While on his way to Stag Nation, the annoyed beetle yelled "Coffee break!". Ten seconds later, a faint "Coffee break!" could be heard some distance off. After a coffee break and some trekking, the beetles located the source of this echo, an infinitely dark sphere floating above the land. On the way there, the beetle who discovered the oblong box was gradually more revered by the accompanying beetles until they were right underneath the sphere, when they decided that he was the the messiah of the beetles. Perhaps the answer they'd been seeking all this time to the question "why don't we have wings?" (they only meant this metaphorically) would be answered by the source of the echoes, the sphere. Soon, all the beetles of the realm decided to form such a structure as to bring the messiah as close as possible to what was perhaps the answer. A pyramid of beetles, made of all the able and available beetles was collected rather quickly, due to the religious collective fervor of the beetles. The beetle with the oblong box proceeded to climb up to the top of the pyramid of wingless dark beetles, swaying a bit in the desert wind, until he was right underneath the sphere.
He proceeded to ask "why don't we have wings?" to which the sphere resounded ten times more loudly "why don't we have wings?". This was picked up by the microphone and was amplified ten times more loudly. At about the tenth repetition of this process, the energy generated by the sound coming out of the speakers started to propell the oblong box downwards at high speeds. It struck the desert and imbedded itself some distance underneath the surface.
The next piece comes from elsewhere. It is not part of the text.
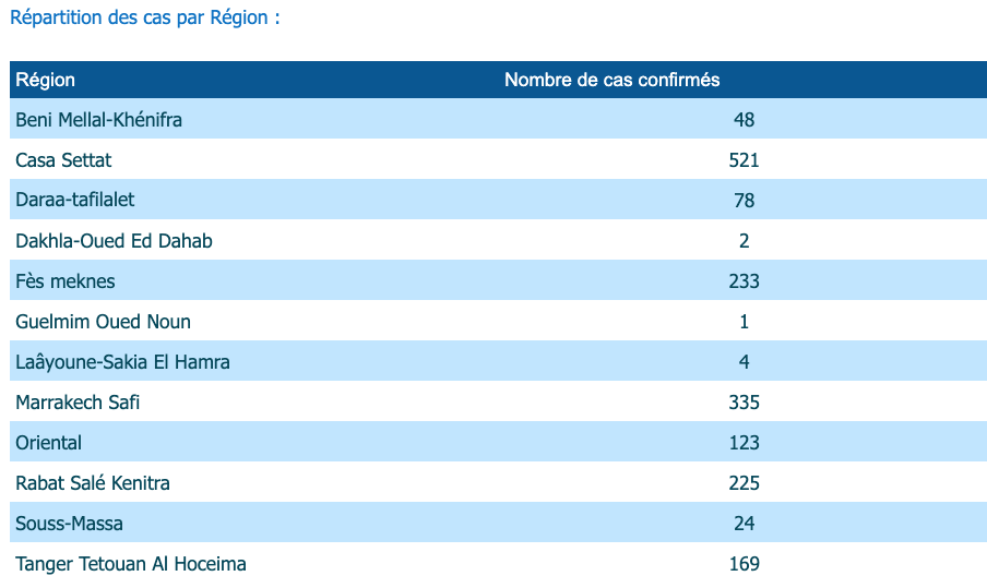 أن جهة الدار البيضاء سطات، في المرتبة الأولى بتسجيلها ل 521 حالة إصابة.
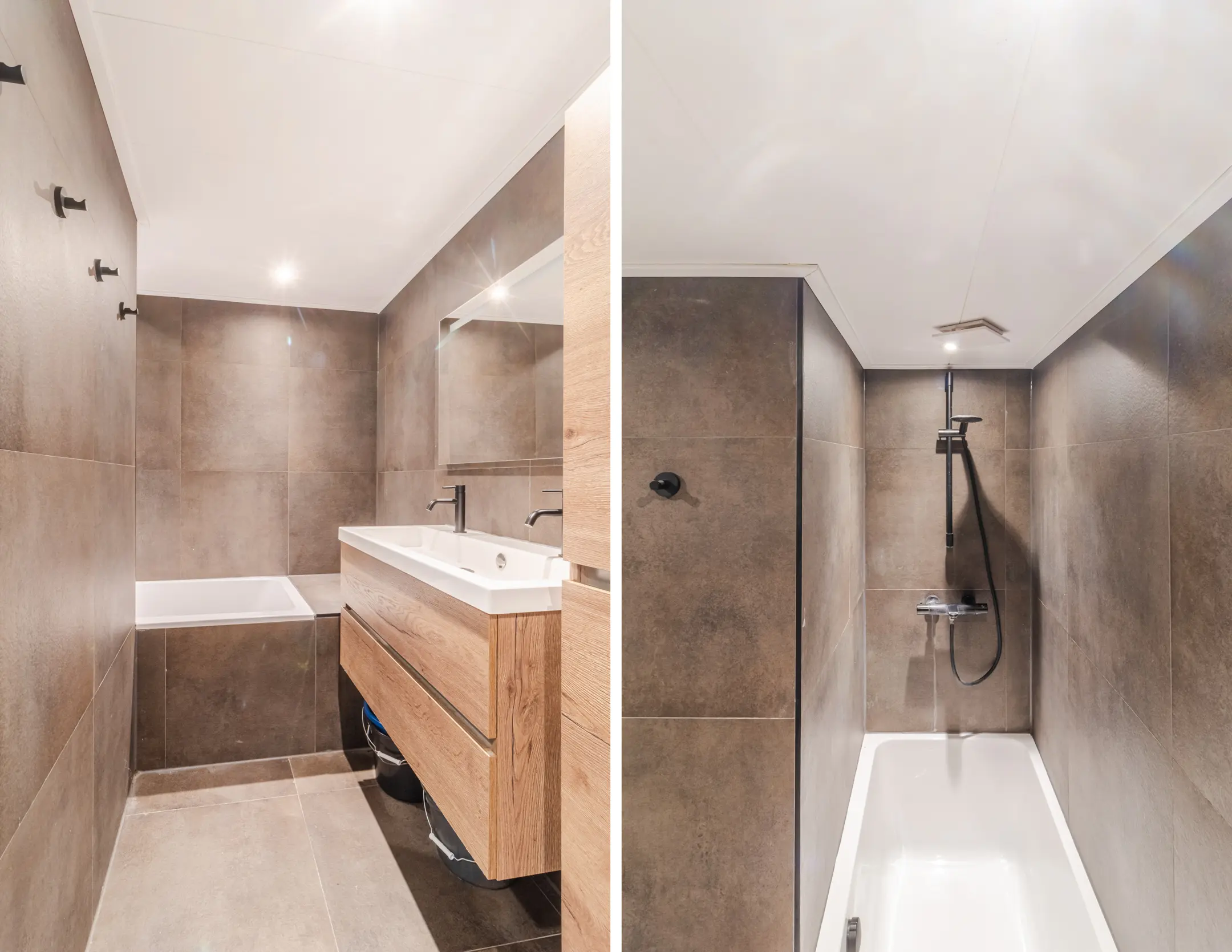 Achter de keuken bevindt zich de handige bijkeuken met lichtkoepel, en de strak afgewerkte badkamer. De badkamer is in 2023 vernieuwd en voorzien van een ruime ligbad/douche, dubbele wastafel en een zwevend toilet.

The violence of such an action created such a shockwave to pass through the sphere that the sand underneath the sphere instantly melted, preserving a pattern of the shockwave, a perfect fresnel-like mirror which, due to the quirky laws set by the patron god of this particular universe, reflected a great deal of light towards the sphere. A really loud "WHY DON'T WE HAVE WINGS?" was heard the world over. Following this was the shockwave, which resounded the realm around until it climaxed at the opposite end with a pattern similar to that of Stag Stadium.
This wiped out nearly the entire dark beetle population of the Realm. A couple of house-beetles, who were left behind to do house keeping chores, survived. Only one male beetle was left behind, merely a few minutes old, this beetle was beset with debilitating mutations, an extra set of stags, pair of legs, some tentacles, the usual. One of these mutations was a set of wings, very delicate things. This male beetle would thus become the messiah of future generations of beetles, who did have wings, although they were so fragile as to become rendered useless before mid-life. Over time, a hard carapace evolved over the weak wings, protecting them from the harsh elements of nature.